## Training on a custom dataset

### Data organization

There are two components consisting of a training dataset:

1. Multi-view images of training scenes.
2. (Inverted) Extrinsic camera matrix corresponding to each image.

Please organize them in the following format:

```python
image_name = '{}sc{:04d}{}.png'.format(some_string, scene_id, some_other_string)
corresponding_extrinsic_matrix_name = '{}sc{:04d}{}_RT.txt'.format(some_string, scene_id, some_other_string)
```

where ```scene_id``` is the only effective factor for the dataloader to recognize and associate images/extrinsics of a specific scene.
It should range from ```0``` to ```n_scenes-1``` (```n_scenes``` is specified in the running script).
Here we assume no more than 10,000 scenes in the training set by specifying ```"{:04d}"```.
If you have more, simply specify a larger number.
```some_string``` and ```some_other_string``` can be anything that do not include ```"sc{:04d}"```.

An example is:
```
00000_sc0000_img0.png
00000_sc0000_img0_RT.txt
00001_sc0000_img1.png
00001_sc0000_img1_RT.txt
00002_sc0001_img0.png
00002_sc0001_img0_RT.txt
...
```

An (inverted) extrinsic matrix should be a camera-to-world transform
which is composed by camera pose (rotation and translation).
An extrinsic matrix should be something like this:
```
0.87944 -0.30801 0.36292 -4.49662
-0.47601 -0.56906 0.67051 -8.30771
-0.00000 -0.76243 -0.64707 8.01728
0.00000 0.00000 0.00000 1.00000
```
where the uppper-left block is camera orientation matrix and the upper-right vector is the camera location.
Here we assume the origin of world frame is located at the center of the scene,
as we hard-code to put the locality box centered at the world origin 
(it is used to enforce zero density outside the box for foreground slots during early training, 
to help better separate foreground and background).

### Intrinsic parameters

Besides extrinsics, you will also need to specify camera intrinsics in [../models/projection.py](../models/projection.py) by specifying
its ```focal_ratio``` (expressed as focal length divided by number of pixels along X/width axis and Y/height axis).

### Script modification

When you use the training and evaluating scripts in ```/scripts```,
additionally specify ```--fixed_locality```.

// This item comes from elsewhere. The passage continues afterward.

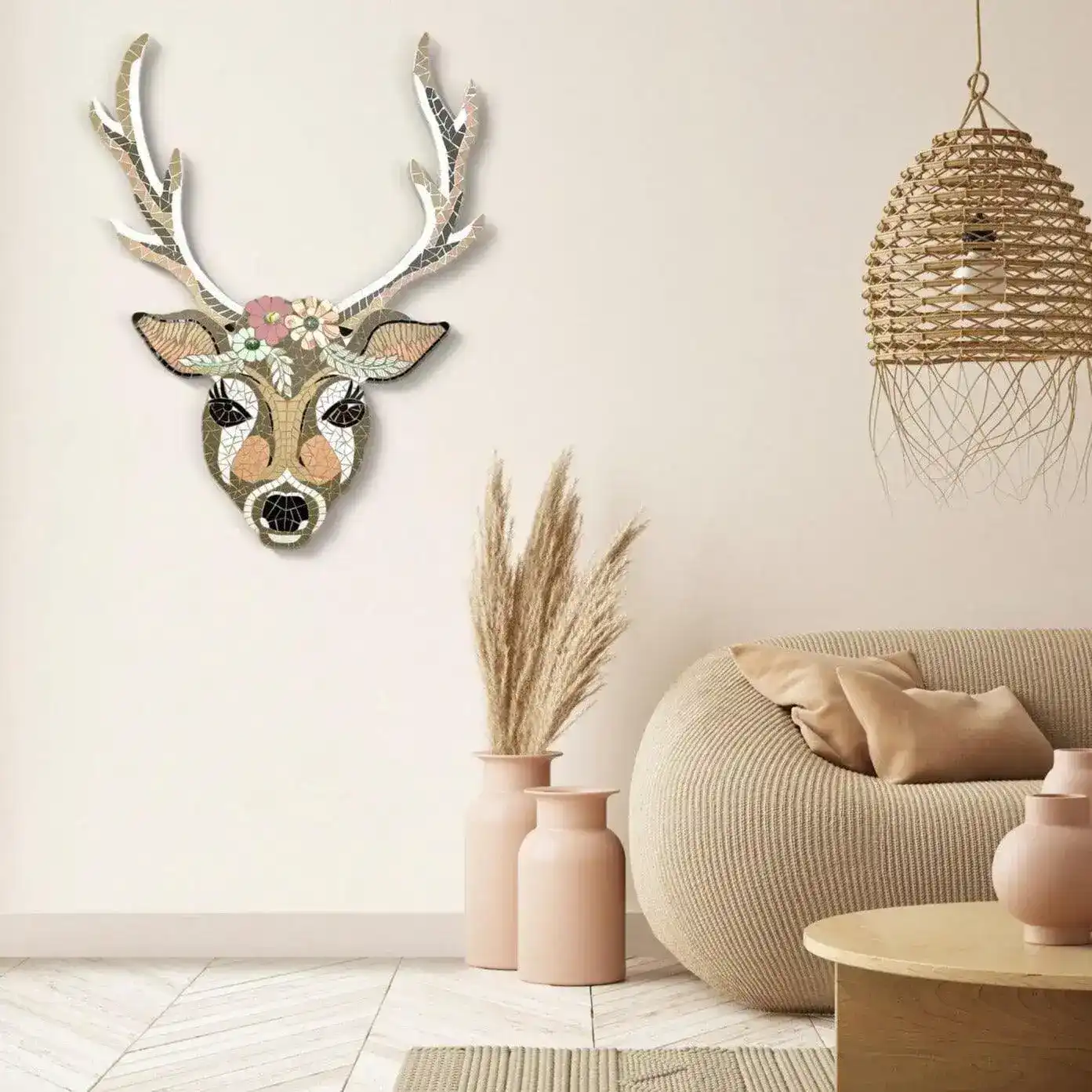 These art pieces of Deer Mosaic Wall Art are made of individually crafted high-quality ceramic pieces that were mounted onto the delicate wood to create a 3D effect.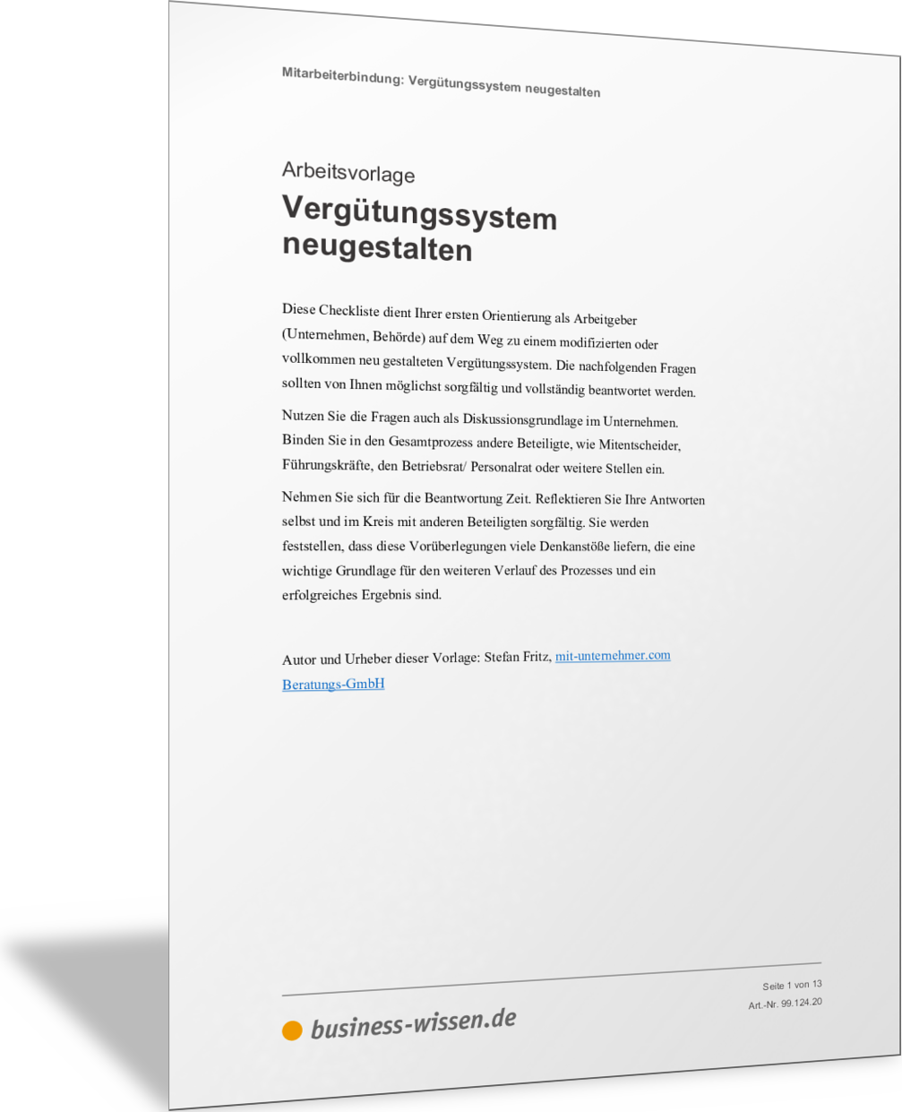 VorlageVergütungssystem neugestaltenMit dieser Arbeitsvorlage bereiten Sie sich auf die Einführung eines neuen Vergütungssystems oder die Änderung eines bestehenden Vergütungssystems vor. Beantworten Sie die genannten Fragen und erläutern Sie die unterschiedlichen Komponenten Ihres bisherigen und des geplanten Vergütungssystems für Ihre Beschäftigten mit den möglichen Stärken und Schwächen. So schaffen Sie eine gute Diskussionsgrundlage, um für Ihr Unternehmen, seine Rahmenbedingungen und seine Ziele ein passendes Vergütungssystem für Lohn und Gehalt zu entwickeln.

According to the scale of your scene (measured by world coordinate units),
you need to modify 
1. the near and far plane (```--near``` and ```--far```) for ray marching
2. the rough scale (does not need to be accurate) of your scene (```--nss_scale```) for normalizing input coordinates.
3. the scale that roughly includes foreground objects (```--obj_scale```) for computing locality box. This should not be too small
such that the box occupied too few pixels (e.g., <80%) when projected to image planes.

### Tips for training on a custom dataset

The background-aware attention brings the advantage of separating background and foreground objects,
allowing cleaner segmentation and scene manipulation.
But it also trades some stability off.
It seems that 
the unsupervised separation of fg/bg somehow makes the module more susceptible to some sort of [rank-collapse problem](https://arxiv.org/abs/2103.03404).
There are two kinds of rank-collapse I have seen during experiments.

- The foreground-background separation is good and the foreground slots are explaining objects, but the foreground slots are few-rank (i.e., some foreground slots decode the same "dim version" of several objects) or even 1-rank.
  
- All the foreground slots decode nothing. In this case you would see zero gradient for all layers of foreground decoder (you can see this from the visdom panel).

In the first case,
adding more training scenes or simply change a random seed is enough.

In the second case, bad learning dynamics leads to zero foreground density even inside the locality boxes early in training, and the foreground decoder is effectively killed. 
Changing random seeds might provide a better initialization and thus bypass the problem,
and you might consider tweaking hyper-parameters related to learning rate scheduler, such as learning rate ```--lr```, its decay speed ```--attn_decay_steps``` and warm-up steps ```--warmup_steps```.
Adding some noise to foreground decoder outputs could also help. 
Hopefully future research can shed light on this problem and solve it once for all.


## Generate your own dataset

We provide an example generation assets and codebase at 
[here](https://office365stanford-my.sharepoint.com/:u:/g/personal/koven_stanford_edu/Ec-vEV0XMxBGpWgx1y6kSkIBOiY_AelngVf2qk2zAHgb_A?e=2gIqGv) 
for the object shape models from ShapeNet and 
[here](https://office365stanford-my.sharepoint.com/:f:/g/personal/koven_stanford_edu/EnJcGIJ1dadJqIRRth43dIwBVcf-5Um9yotNs2HYOqgLDA?e=6lZWCJ) 
for the codebase and textures of the Room Diverse dataset.

In ``/image_generation/scripts`` run ``generate_1200shape_50bg.sh`` and then ``render_1200_shapes.sh``.
Don't forget to change the root directory in both scripts.